Data shown:

==================================================

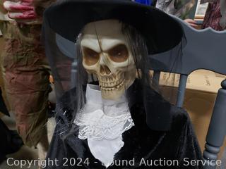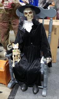 Lot #0031: Animated Rocking Skeleton Lady w/Cat Halloween Decor
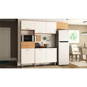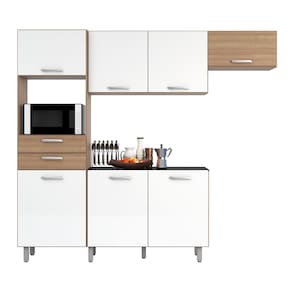 Cozinha Conjugada Poliman Móveis Lia com 7 Portas e 2 Gavetas - Carvalho/Branca
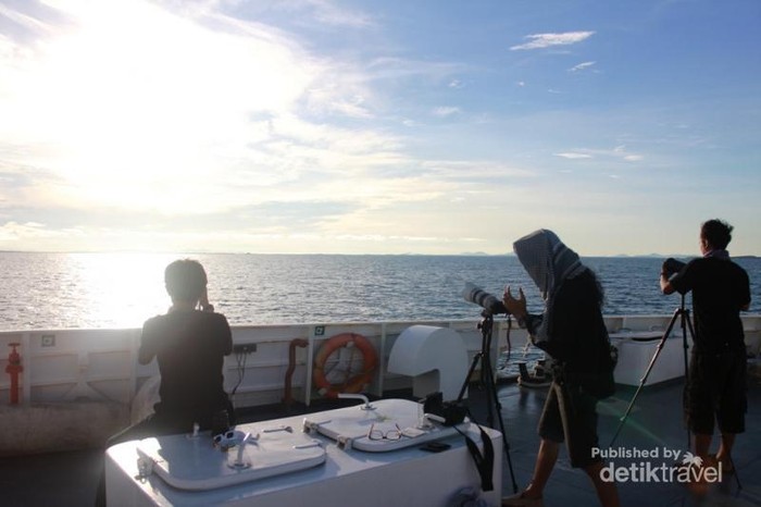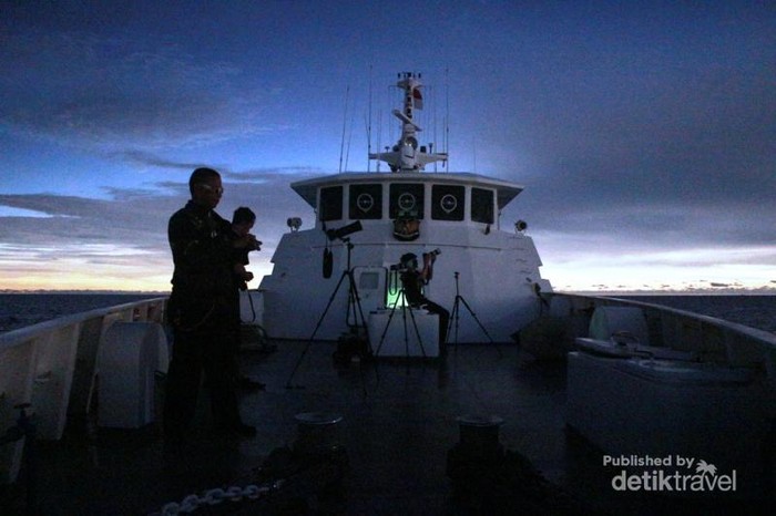 Aksi para fotografer pemburu Gerhana Belitung di atas Kapal BAKAMLA

==================================================

Find the line containing "Cozinha Conjugada Poliman" in the listing above. Please restate word for word that line through the last one, leaving out the pictures.

Task solution:
 Cozinha Conjugada Poliman Móveis Lia com 7 Portas e 2 Gavetas - Carvalho/Branca
 Aksi para fotografer pemburu Gerhana Belitung di atas Kapal BAKAMLA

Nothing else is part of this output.